Меня отчасти спасало то, что во время судебных заседаний я почти забывал о Каролине. Мне нравилась сосредоточенность, которой требовал процесс судопроизводства, и я не раз с удивлением обнаруживал, что она – рядом, и снова чувствовал, как она очаровывает меня. Усилием воли я буквально заставлял себя проделывать самые обыкновенные вещи – разговаривать со свидетелями, выстраивать систему доказательств. Вся моя энергия уходила на то, чтобы не замечать Каролину. Я запрещал себе думать о ней. Я словно находился в ирреальном космическом пространстве, перемещаясь от скопления немыслимых фантазий к туманности самобичевания, а оттуда – к планете Каролина, где я распадался на мельчайшие частицы.

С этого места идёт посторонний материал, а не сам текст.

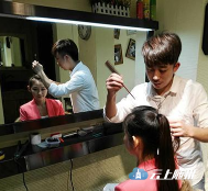 记者也走访了几家高校附近的造型室。中传附近一位店主向记者表示,每年初试大概会给200-300个学生化妆,平均每天要为三四十位考生化妆。艺考期间店里特别忙,很多考生都要来化妆,“如果没有提前预约,怕是化不上”。
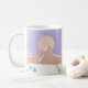 This classic white mug is designed with a full moon peeking out from behind a mountain surrounded by snow.

– Однажды вечером мы работали в ее кабинете, – говорю я Робинсону. – Защита представила почти все свои аргументы. На свидетельскую кафедру был вызван Деррил Макгафен, и неспособность этого человека признать факты была поистине трогательна. Каролина была в приподнятом настроении и собиралась провести перекрестный допрос. Процесс постоянно освещался двумя телевизионными каналами, и в зале неотлучно находились газетчики. Перекрестный допрос требовал особого подхода: предстояло показать несостоятельность Деррила-свидетеля, не бросив тень на него как на человека. Присяжные испытывали к нему симпатию, поскольку он старался, как любой из нас, всего лишь сохранить семью. Каролина вела допрос неторопливо, меняла характер вопросов – так монета, подброшенная в воздух, поворачивается то одной, то другой стороной. На ней были бежевые чулки и юбка ниже колен, которая слегка приподнималась, когда она круто поворачивалась, вышагивая перед судейским столом.

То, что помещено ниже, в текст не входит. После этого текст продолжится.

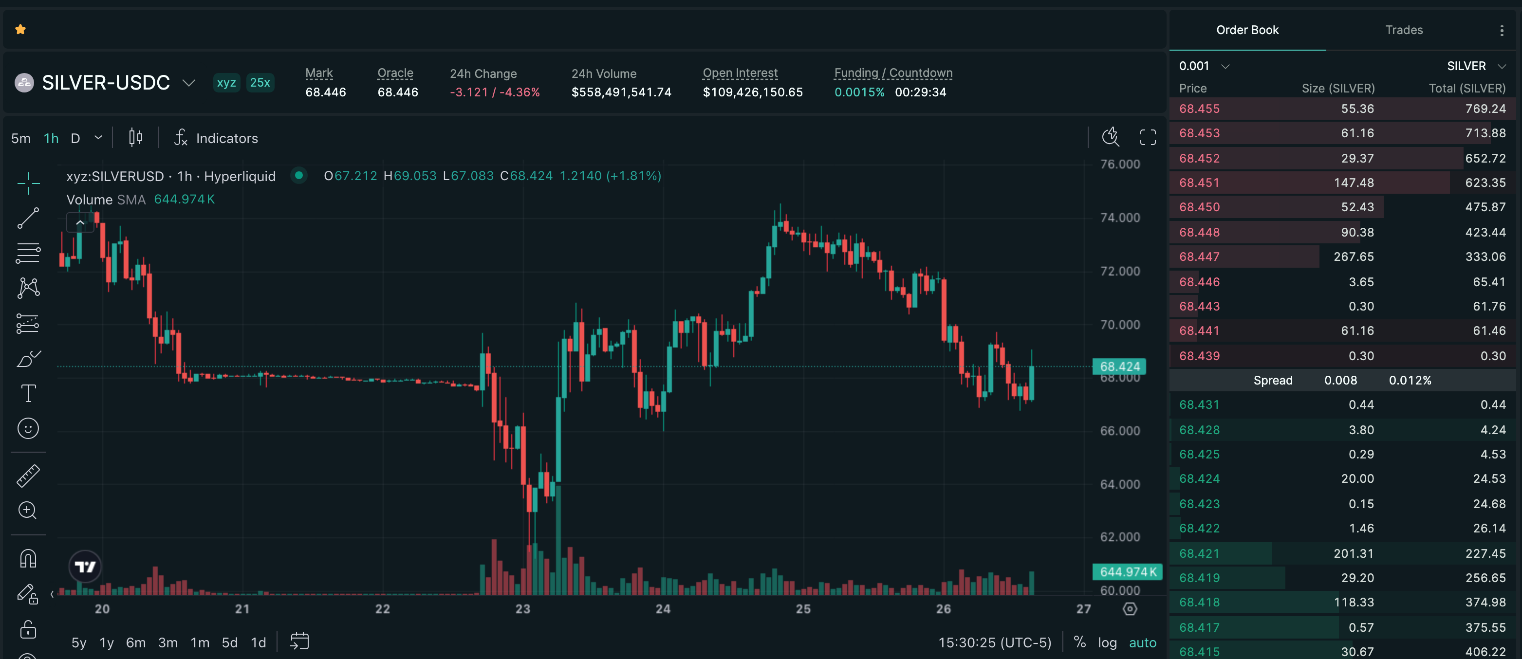 Trade SILVER on Hyperliquid with up to 25x leverage.

На столе обвинителей среди оберток от сандвичей лежала пачка документов: схема времени и местонахождения Деррила, из которой следовало, что он находился на работе и не мог видеть, что происходит у него дома. Медицинское заключение о состоянии Вендела, отзывы о нем воспитательницы и тетки. Мы с Каролиной формулируем вопросы. Нет-нет, надо помягче: «Мистер Макгафен, вы ведь не знали, что Вендел показывает свои синяки в детском садике, не так ли? Скажите, вы знаете, кто такая Беверли Моррисон? Может быть, вы все-таки припомните ее, если я скажу, что это воспитательница Вендела? Вам известно, что седьмого ноября прошлого года миссис Моррисон разговаривала с вашей женой о физическом состоянии Вендела?»

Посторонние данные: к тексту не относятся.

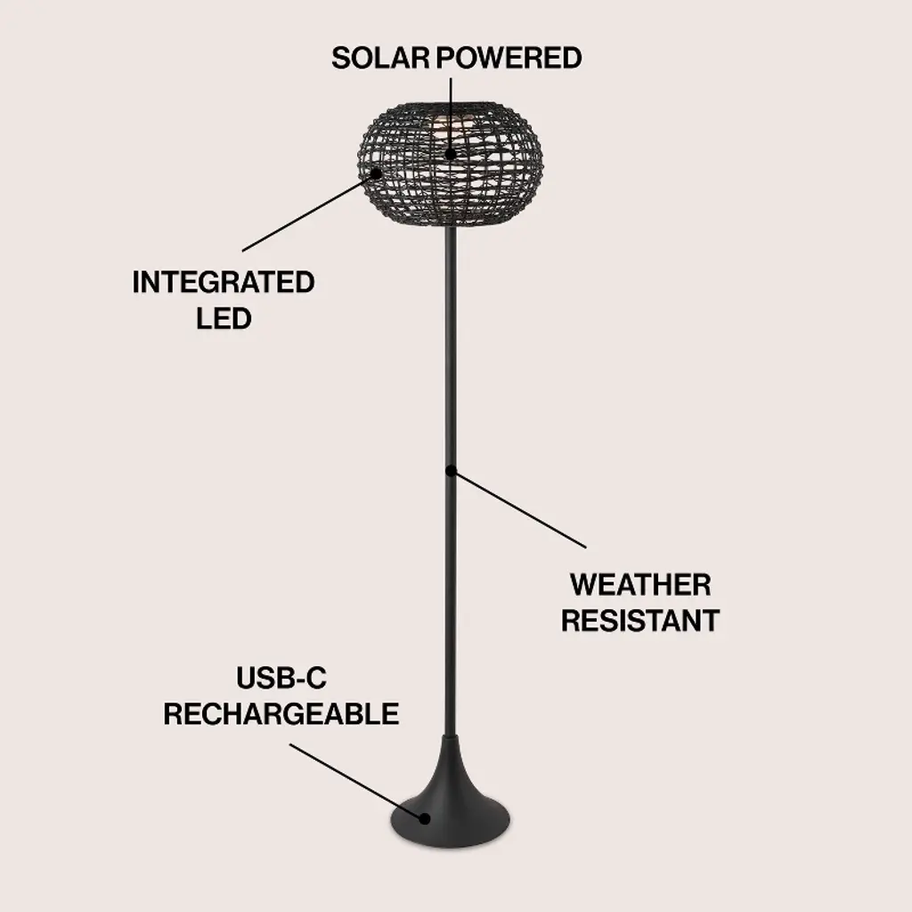 Add warm, cozy lighting to the patio, coastal deck or porch with this modern outdoor floor lamp. The sleek metal base is topped by a durable shade of woven plastic rattan, and a bright LED bulb that turns on at dusk and off at dawn. Versatile design includes a battery that can recharge in the sun, or with a standard USB-C cable (not included).

«Мягче, мягче, – шепчу я Каролине. – Не подходи к нему слишком близко и поменьше двигайся по залу. Могут подумать, что ты раздражена». Она подается вперед, берет меня за руки и говорит: «Это будет просто замечательно!» Взгляд ее зеленых-презеленых глаз останавливается на мне чуть дольше обычного, чтобы я понял, что мы уже не в зале заседаний, и я вдруг говорю вслух: «Ты о чем, Каролина?» По лицу ее скользит мимолетная, но очаровательная улыбка, она отвечает: «Потом, все потом», – и снова принимается за работу.